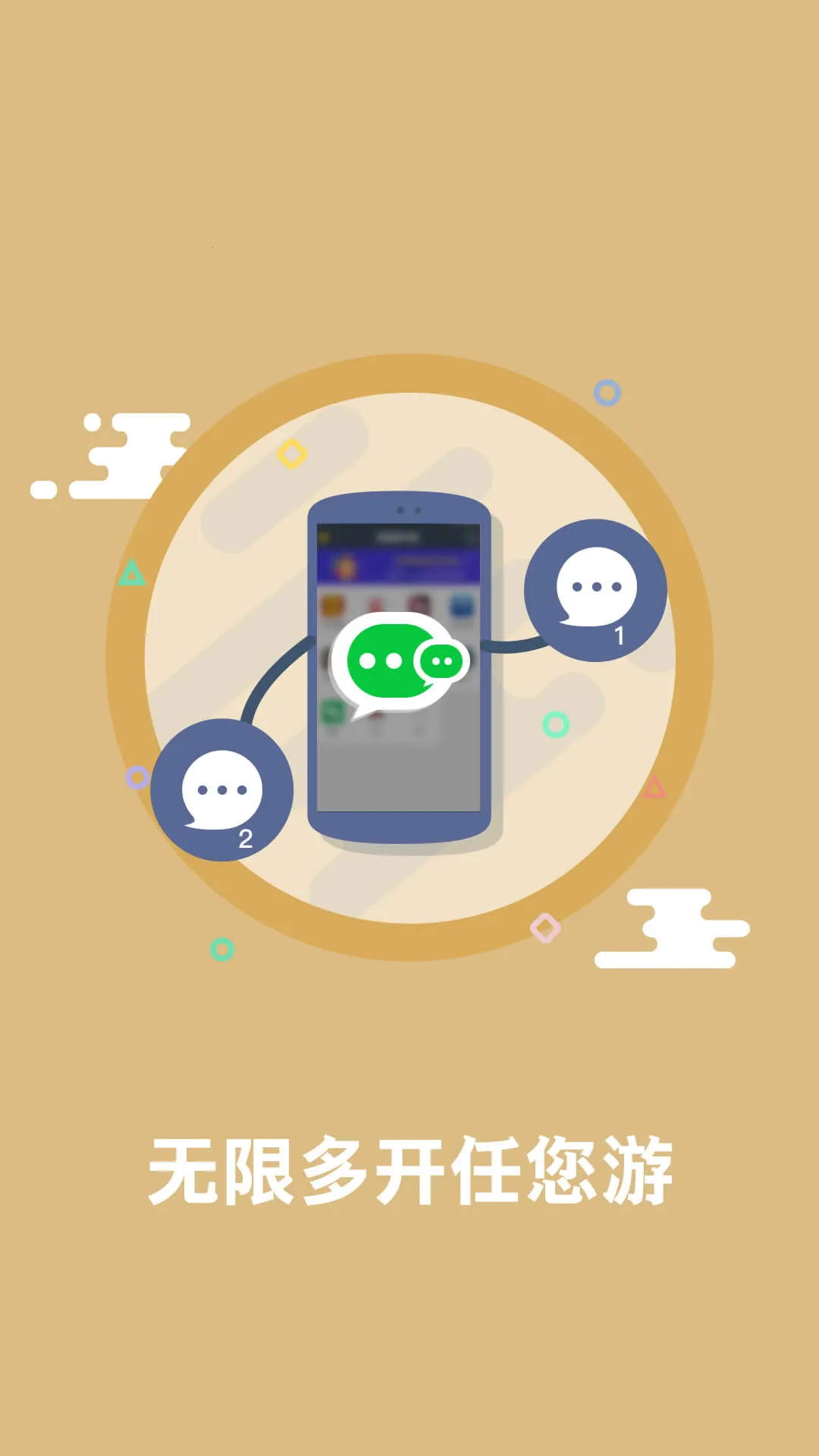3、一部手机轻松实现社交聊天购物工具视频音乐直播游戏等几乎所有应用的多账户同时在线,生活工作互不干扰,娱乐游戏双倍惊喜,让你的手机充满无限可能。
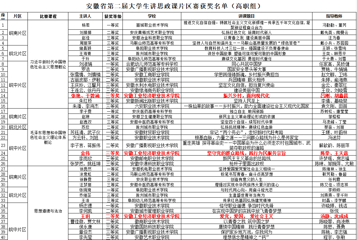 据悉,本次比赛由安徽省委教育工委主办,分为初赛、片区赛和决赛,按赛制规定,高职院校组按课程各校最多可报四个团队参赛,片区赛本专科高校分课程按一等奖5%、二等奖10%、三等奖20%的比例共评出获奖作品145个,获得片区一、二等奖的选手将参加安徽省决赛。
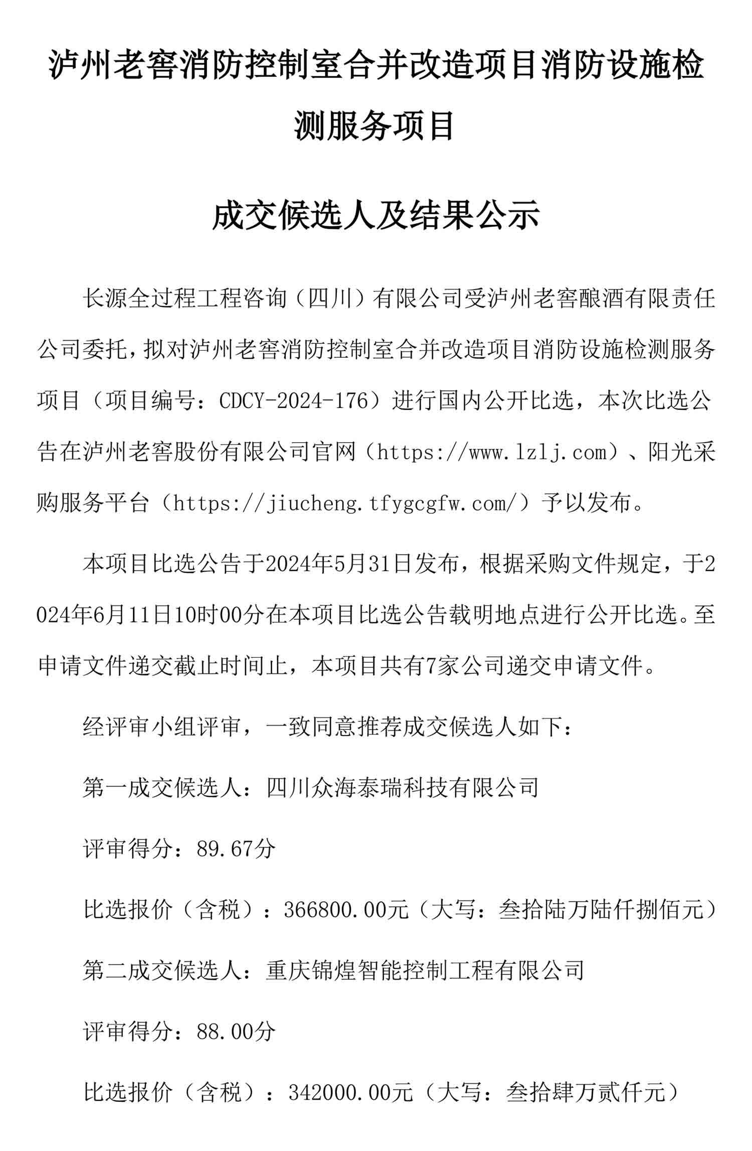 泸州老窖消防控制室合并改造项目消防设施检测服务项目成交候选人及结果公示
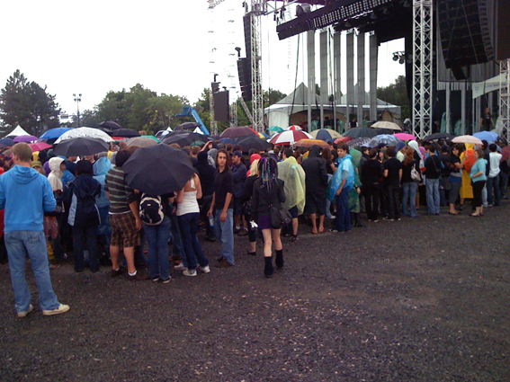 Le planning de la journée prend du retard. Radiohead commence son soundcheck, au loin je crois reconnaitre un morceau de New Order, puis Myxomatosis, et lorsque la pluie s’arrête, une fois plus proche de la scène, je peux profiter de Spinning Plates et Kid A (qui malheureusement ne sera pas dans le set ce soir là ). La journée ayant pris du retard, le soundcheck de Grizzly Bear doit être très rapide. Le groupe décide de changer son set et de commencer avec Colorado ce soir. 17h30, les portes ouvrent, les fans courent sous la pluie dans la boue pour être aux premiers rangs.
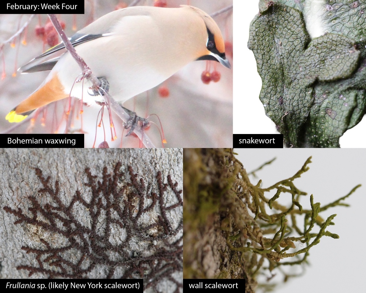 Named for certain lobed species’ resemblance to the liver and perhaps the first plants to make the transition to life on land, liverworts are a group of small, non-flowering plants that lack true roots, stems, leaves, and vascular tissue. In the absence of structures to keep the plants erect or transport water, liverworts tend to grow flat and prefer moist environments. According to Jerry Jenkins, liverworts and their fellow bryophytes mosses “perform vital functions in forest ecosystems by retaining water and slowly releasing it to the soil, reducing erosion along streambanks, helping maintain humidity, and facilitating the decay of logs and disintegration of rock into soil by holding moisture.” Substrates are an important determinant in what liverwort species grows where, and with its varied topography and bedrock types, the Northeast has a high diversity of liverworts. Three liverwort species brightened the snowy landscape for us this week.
---
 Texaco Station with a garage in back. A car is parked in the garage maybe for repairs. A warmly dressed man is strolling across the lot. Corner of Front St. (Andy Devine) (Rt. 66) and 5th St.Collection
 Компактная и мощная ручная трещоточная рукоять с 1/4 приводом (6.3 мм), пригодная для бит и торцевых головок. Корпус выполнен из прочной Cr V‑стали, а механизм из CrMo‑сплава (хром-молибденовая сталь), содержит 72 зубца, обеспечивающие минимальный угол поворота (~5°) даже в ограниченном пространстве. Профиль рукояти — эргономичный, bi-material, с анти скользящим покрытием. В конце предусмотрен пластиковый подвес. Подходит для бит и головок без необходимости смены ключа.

§ TASK
Look above for the line containing "据悉,本次比赛由安徽省委教育" and the line containing "泸州老窖消防控制室合并改造项目消防设施检测服务项目成交候选人及结果公示", then reproduce both and everything between them exactly, pictures omitted.

§ COMPLETED TASK
 据悉,本次比赛由安徽省委教育工委主办,分为初赛、片区赛和决赛,按赛制规定,高职院校组按课程各校最多可报四个团队参赛,片区赛本专科高校分课程按一等奖5%、二等奖10%、三等奖20%的比例共评出获奖作品145个,获得片区一、二等奖的选手将参加安徽省决赛。
 泸州老窖消防控制室合并改造项目消防设施检测服务项目成交候选人及结果公示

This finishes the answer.